We have previously written about the UK’s “worker” status, an intermediate classification between an employee and a self-employed contractor, which affords some of the benefits and protections of employment (such as minimum wage and paid vacation). This remains a hot topic for employment law in 2018, with two significant cases working their way through the UK courts.

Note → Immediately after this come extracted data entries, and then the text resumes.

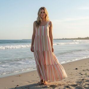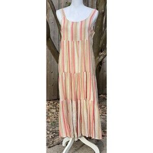 Linda Anderson Sun Dress Empire Waist Tiered Sz M Flowy Smocked Gauze Metallic
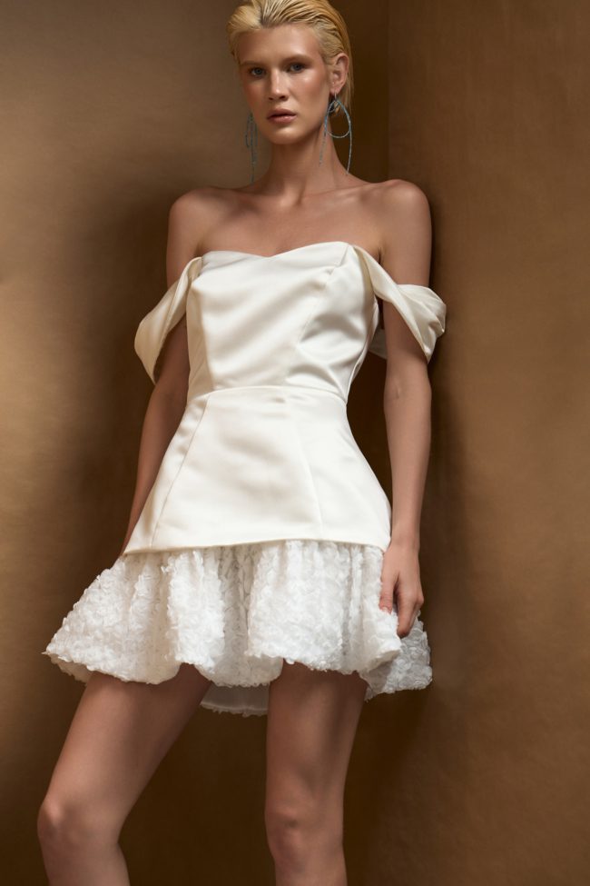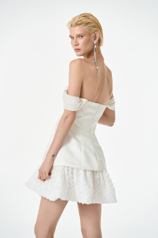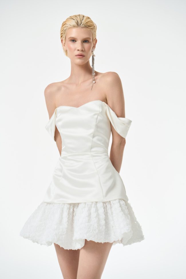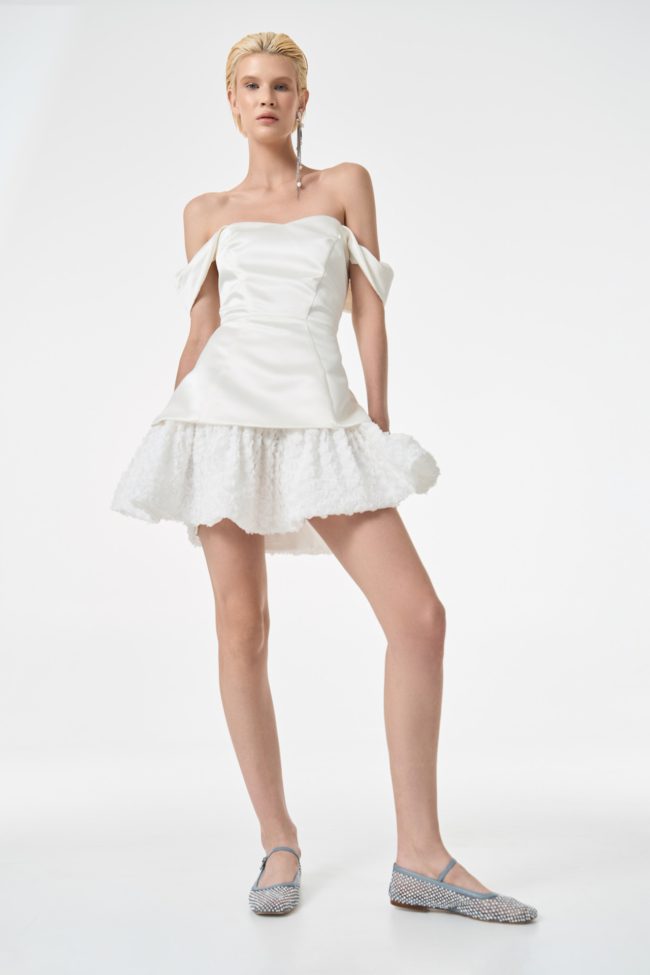 Жемчужно-белое платье-бюстье в длине мини идеально подойдет для особенного случая, будь то коктейльная вечеринка или вечерний выход. Корсетный силуэтный лиф с косточками выполнен из атласной ткани с деликатным блеском и дополнен баской, а расклешенный подол – из воздушной ткани, будто сотканной из миллиона белых роз.
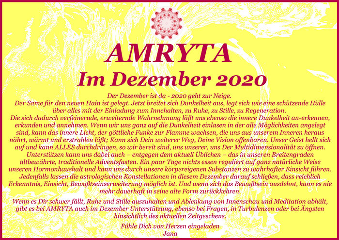 Wenn es Dir schwer fällt, Ruhe und Stille auszuhalten und Ablenkung von Innenschau und Meditation abhält, gibt es bei AMRYTA auch im Dezember Unterstützung und Begleitung, ebenso bei Fragen, in Turbulenzen oder bei Ängsten hinsichtlich des aktuellen Zeitgeschens.
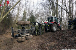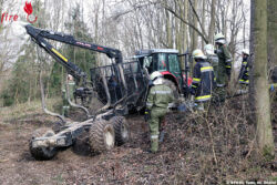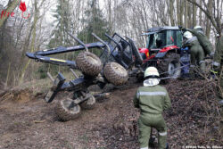 Ein Landwirt war mit seinem Traktor mit Rückewagen in einem Hohlweg unterwegs. Als er in einen anderen Weg abbiegen wollte, kippte der Anhänger um. Der Forstwagen lag in einer so ungünstigen Stellung dass es sich mit dem eigenen Abstützarm nicht mehr hochstellen konnte. Der Bauer alarmierte daraufhin die Einsatzkräfte.
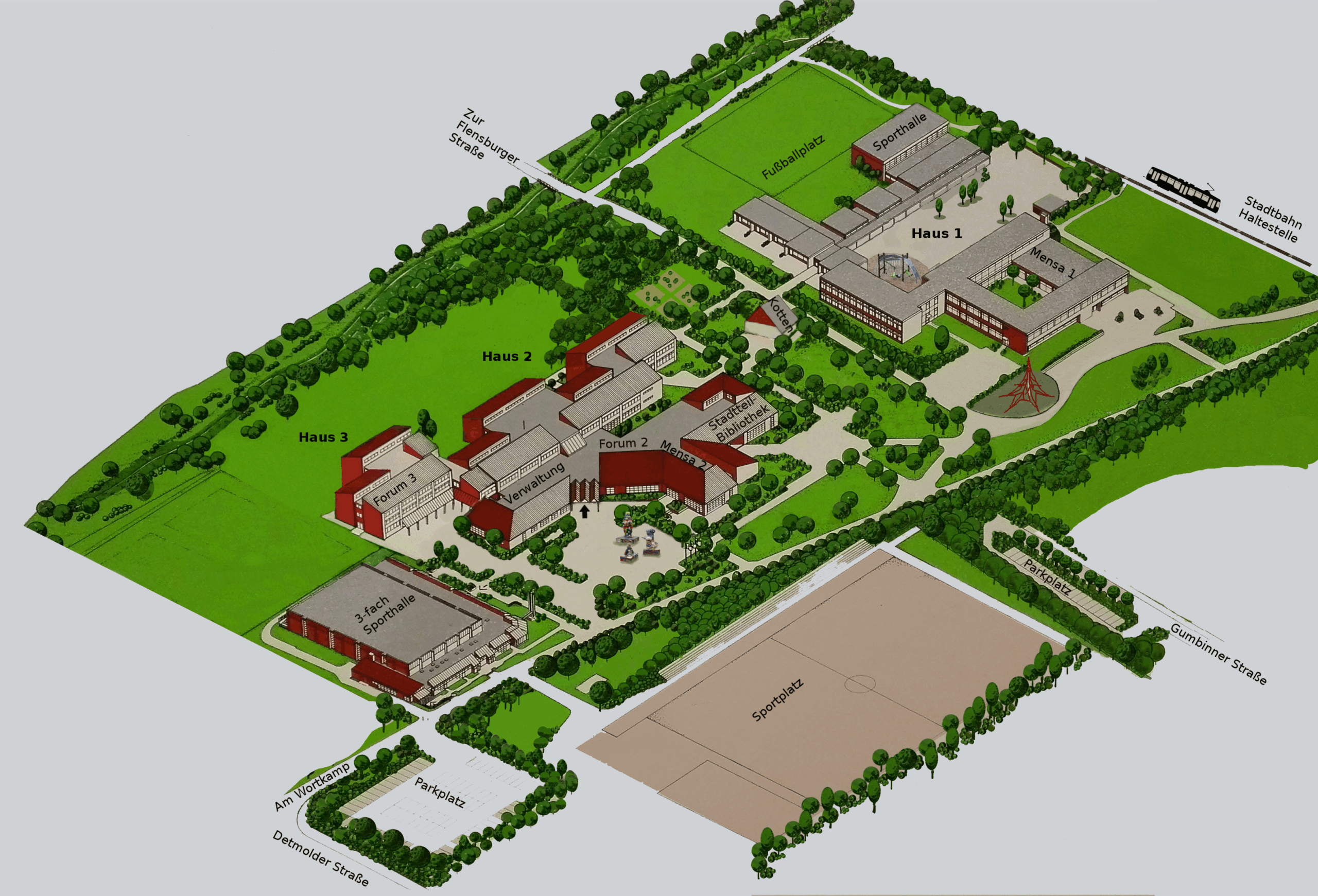 Unser großer Schulkomplex ist eingebettet in eine Grünanlage mit angrenzender Stadtbahnhaltestelle (Stieghorst Gesamtschule).
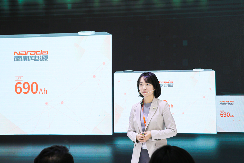 Dr. Jiayuan Xiang, Vice President and Chief Engineer of Narada, unveiled the 690Ah ultra-large capacity energy storage battery at the exhibition booth.

Aslam and others v Uber BV and others

Ride-hailing service Uber sits at the centre of the worker classification debate in the UK, claiming their role is merely providing technology to connect self-employed drivers with passengers. Beyond the technology, the company allocates customers and dictates the price of the service, a degree of control which enabled drivers to successfully argue at an Employment Tribunal that they were workers, entitled to minimum wage and paid annual leave. The UK Court of Appeal will hear the case at some point in 2018.

In a separate blow to Uber, Transport for London (the body that oversees and regulates much of the capital’s transport infrastructure) refused to reissue Uber’s private hire operator licence in September of last year, citing a lack of corporate responsibility. That appeal is also ongoing and Uber continues to operate pending the outcome. It is not yet clear how any increased involvement and oversight of its drivers that may be required under the terms of the licence might implicate their classification as workers.

Pimlico Plumbers Ltd and another v Smith

As one of Pimlico Plumber’s contractors, Smith wore a uniform and drove a van branded with their logo, but was required to provide his own tools and arrange his own insurance and taxes. An employment tribunal found that he belonged in this middle “worker” category which fell short of full employee status, but he was subject to too much de facto control (notably, a limited opportunity to substitute work and a restrictive restraint of trade if he ceased to work with Pimlico) to be deemed truly self-employed. It bears noting that although Smith believed himself to be self-employed, that belief did not impact his classification as a worker. Courts are looking at the substance of the arrangement rather than the labels, or even beliefs, of the parties. The UK Supreme Court heard the case in February 2018 and we are now awaiting the judgment.

This information is provided by Vinson & Elkins LLP for educational and informational purposes only and is not intended, nor should it be construed, as legal advice.